Vibe Coding The Holidays Away

A data-driven breakdown of what attackers are actually hunting for on the open internet — and what defenders should be watching.

Mar 31, 2026

Over the holiday break, I deployed a set of web honeypots on Digital Ocean and let them soak. No fancy banners, no fake login portals — just nginx instances logging every request to Loki, with a daily analysis pipeline crunching the data into structured threat models. The honeypots ran from January 1–16, 2026, collecting 71,768 total requests from ~400+ unique IPs per day across tens of thousands of unique URI paths.

Over the holidays I had some free time and decided to sit down and build out a project I had been kicking around for quite some time. I wanted to see if I couldn’t build a honeypot network across global AWS infrastructure, forward the goals to a single destination (my aggregator), and then analyze those logs to see if there were any noteworthy trends.
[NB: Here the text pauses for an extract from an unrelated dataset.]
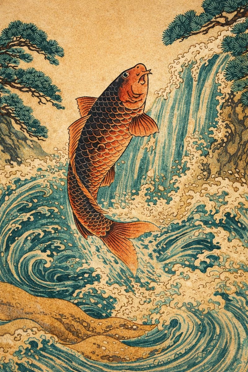 Tranh Cá Chép Vượt Thác Phong Cách Nhật Bản

What came back isn’t groundbreaking in the “zero-day” sense. But it paints one of the clearest pictures I’ve seen of what the automated internet actually looks like when it hits your infrastructure — and more importantly, what it’s looking for. If you’re building hunt hypotheses, tuning detections, or trying to prioritize hardening, this is the kind of ground truth that matters.
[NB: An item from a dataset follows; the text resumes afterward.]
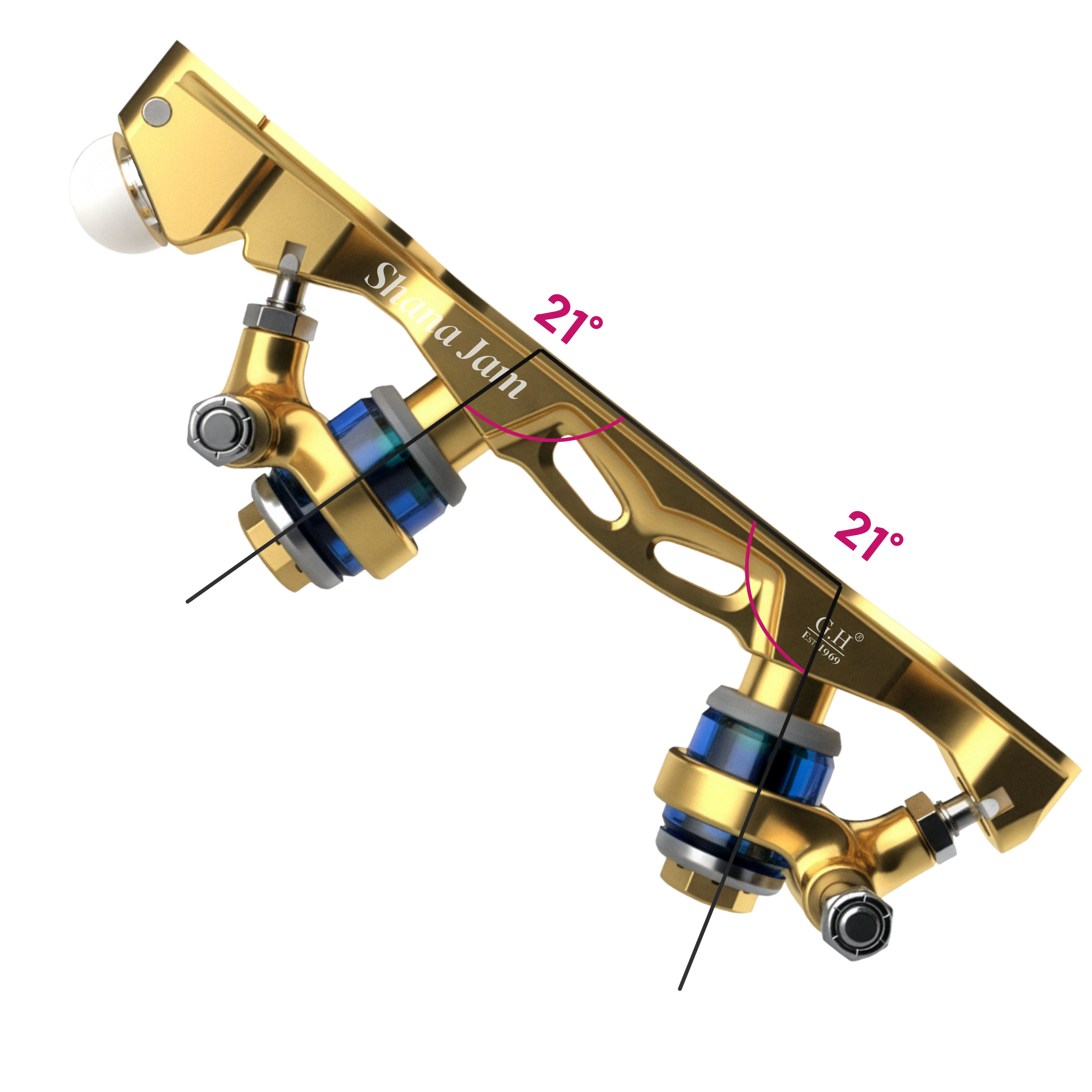 Stability is paramount to expression. Shana Jam achieves sublime balance with a 21° Kingpin Angle delivering swift changes in direction while maintaining the solid base required for powerful landings. Furthermore, by significantly lowering the deck profile compared to standard high-end plates, Shana Jam dramatically drops your center of gravity. The result Sharper control and a fluid, grounded dance experience, making every step feel closer to the floor.

Here’s what the data said.

The Shape of the Noise

Before diving into what was targeted, let’s look at the volume and rhythm.

Two things jump out immediately:

The baseline is remarkably consistent. On quiet days, you’re looking at ~2,500 requests from 300–400 unique IPs. This is the internet’s ambient scanning noise, distributed across many sources running standard checklists. Your average exposed service gets probed roughly this much every single day whether you notice or not.
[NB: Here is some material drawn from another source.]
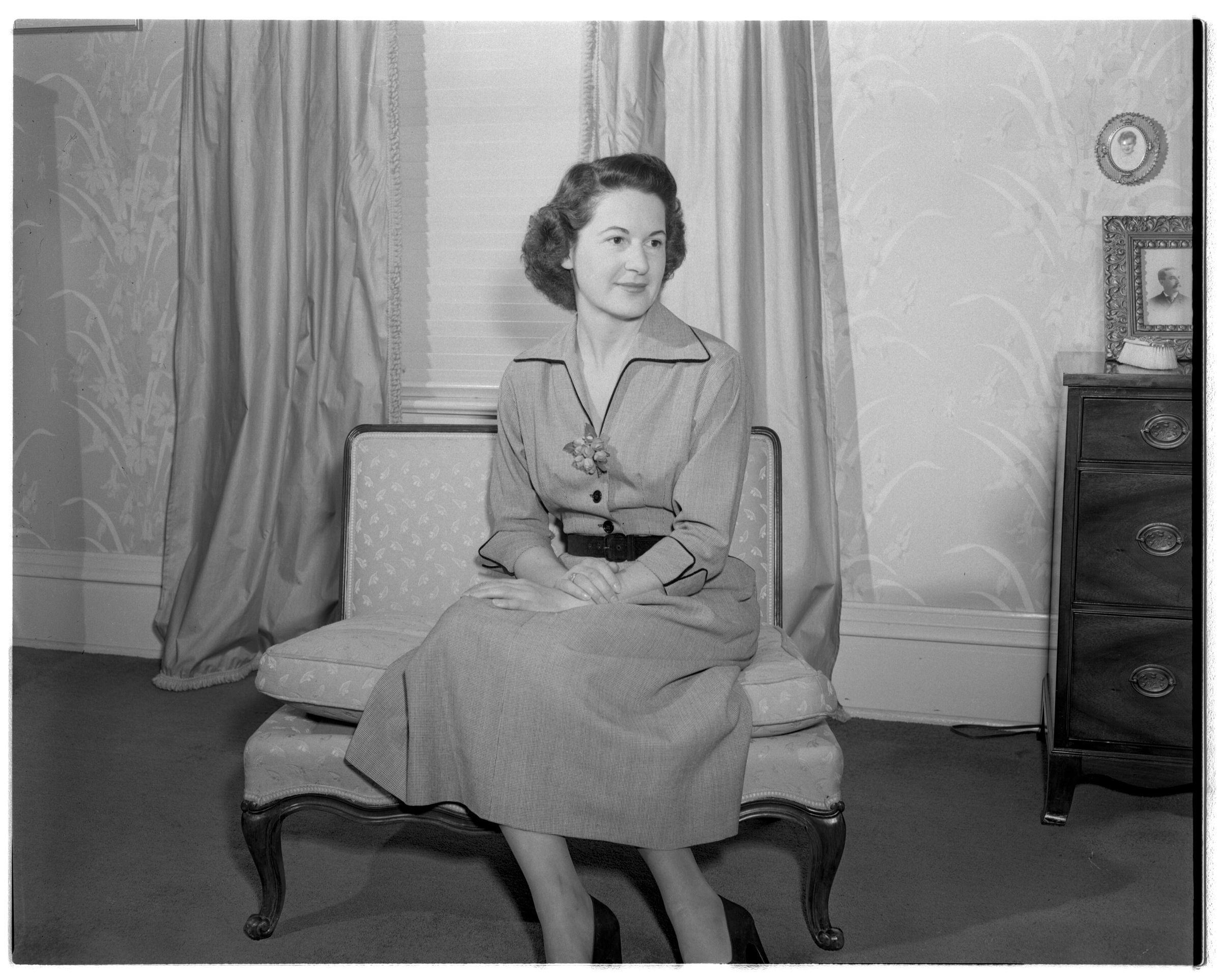 Negative, sheet film. 4 x 5 b&w. No. 2656. Margaret Gradie Schmidt Runnalls at Schmidt House.

The spikes tell a different story. January 5th saw a 6x volume surge driven by just three AWS-based /24 networks (13.59.55.0/24, 54.234.91.0/24, 54.175.183.0/24) running what appears to be coordinated broad enumeration. January 7th was even more dramatic — a single /24 (144.91.101.0/24) fired off 19,873 requests in 24 hours, cycling through nearly 20,000 unique URI paths. That’s one scanner working through a massive filename permutation list of backup files, config artifacts, and secret files across /api, /admin, /core, and /backup prefixes.

The contrast matters: Jan 7 had only 44 unique IPs but 20,000 unique URIs. A typical day has 350+ IPs but only 500–700 URIs. The spike wasn’t a DDoS — it was a single, methodical scanner running a very large dictionary. And honestly that’s just what the data showed because I hadn’t expected to get that many hits and logs were truncated to 20,000 lines.

What They’re Actually Hunting For

Here’s where it gets actionable. Across 16 days, I classified every URI into families based on what technology or misconfiguration it targets. The top 10 families by total volume:

1. Environment Files & Secrets — 12,365 hits (every single day)

Paths: /.env, /config.zip, /app/.env, /.env.ts, /api/env.zip, /.aws/credentials, /assets/credentials.json

This was the single most persistent category across the entire observation window. Every single day, scanners checked for exposed dotenv files, config archives, and cloud credential artifacts. The Jan 7 spike included 8,438 env-family requests alone — a massive run through .env path permutations.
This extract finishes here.